C de cartas. Cuando la cineasta belga Chantal Akerman se fue a Nueva York su madre le mandaba cartas, dinero y ropa. Akerman filmó la ciudad y añadió su propia voz leyendo las cartas de su madre. La película, News from home, es hipnótica y bonita y triste, y no sé si lo pretendía pero es una muestra clarísima de la incomunicación madre-hija: no hay ninguna de las respuestas de Akerman, y en las cartas, la madre le reclama que escriba más. Hay otra película-carta más reciente: Jane par Charlotte, de Charlotte Gainsbourg. Es un retrato de su madre y a la vez una declaración de amor. Es emocionante pensar que necesitó hacer una película para decirle a su madre que la quiere, necesitar la cámara de aliada. La madre de una amiga le regaló a su hija Cartas a la hija, de Madame de Sévigné, cuando esta se fue a estudiar fuera: “no te voy a escribir cartas, pero te regalo esto”, me imagino que le dijo.
D de duelos por la madre muerta. La muerte de la madre es la condición para que dé comienzo la historia en muchos cuentos: Cenicienta, Blancanieves… Christopher Hitchens, Albert Cohen, Roland Barthes, Georges Perec (ver P), Milena Busquets escribieron sobre el duelo por la muerte de la madre. También personajes de ficción como Meursault en El extranjero, al que le comunican la muerte de su madre al comienzo del libro. “Ningún hijo sabe de verdad que su madre ha de morir”, escribe Cohen.

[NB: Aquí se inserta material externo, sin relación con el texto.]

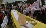 REPUBLIKA.CO.ID, JAKARTA -- Sejumlah mahasiswa melakukan aksi di depan gedung merah putih Komisi Pemberantasan Korupsi (KPK), Jakarta, Selasa (23/5). Dalam aksinya mereka menuntut agar KPK mengusut tuntas kasus BLBI.

E de embarazada. El dúo Garfunkel & Oates (el Flight of the Conchords femenino) tiene una canción cuyo estribillo dice: “Pregnant women are smug” [las embarazadas son petulantes]. Son impertinentes, quejicas, creen que el mundo ha de rendirse ante ellas, se les han hinchado las articulaciones, tienen el pelo increíble y los labios más gordos, pasan calor pero todo el mundo les cede el asiento en el transporte público, miran las etiquetas de los quesos para evitar la leche cruda y, debido al sistema reticular neuronal, al poco de conocer su embarazo descubren los carritos de bebé, no dejan de cruzarse con ellos por la calle, hay más embarazadas que nunca, etc. Ahora que tener hijos es una especie de decisión ontológica que implica ser madre (y cumplir un deseo, o peor: una realización), un cambio de categoría del ser, podríamos hablar de maternidad consciente –seguro que este sintagma se usa sin ironía en grupos de crianza–, excusa para madres helicóptero y fábrica de hijos como proyecto vital. Los hijos necesitan que los dejen un poco en paz, a veces se olvida que los niños son individuos a los que se cuida pero que han de tomar sus propias decisiones y que nuestra labor –hablo de los adultos a su cargo, no solo de los progenitores– es procurar que se laven los dientes, se duchen con cierta regularidad y no digan muchas palabrotas. El embarazo te hace sentir que tienes superpoderes, es verdad, pero a la vez te encuentras mal a ratos y no te cabe tu ropa. Es una cosa y la contraria a la vez, como suele suceder. Es también un momento de vulnerabilidad máxima en el que el narcisismo disfrazado de protección es el peor de los consejeros. Sobre esto hay un chiste médico: si tu hijo es listo pero torpe, que se haga internista; si hábil pero no muy listo, cirujano; si es torpe y tonto, ginecólogo. Lo que quiero decir es que cuando escucho a Garfunkel & Oates cantar “te crees tan profunda ahora que estás embarazada” pienso que la canción es un retrato de la maternidad consciente, adanismo, ¿evismo?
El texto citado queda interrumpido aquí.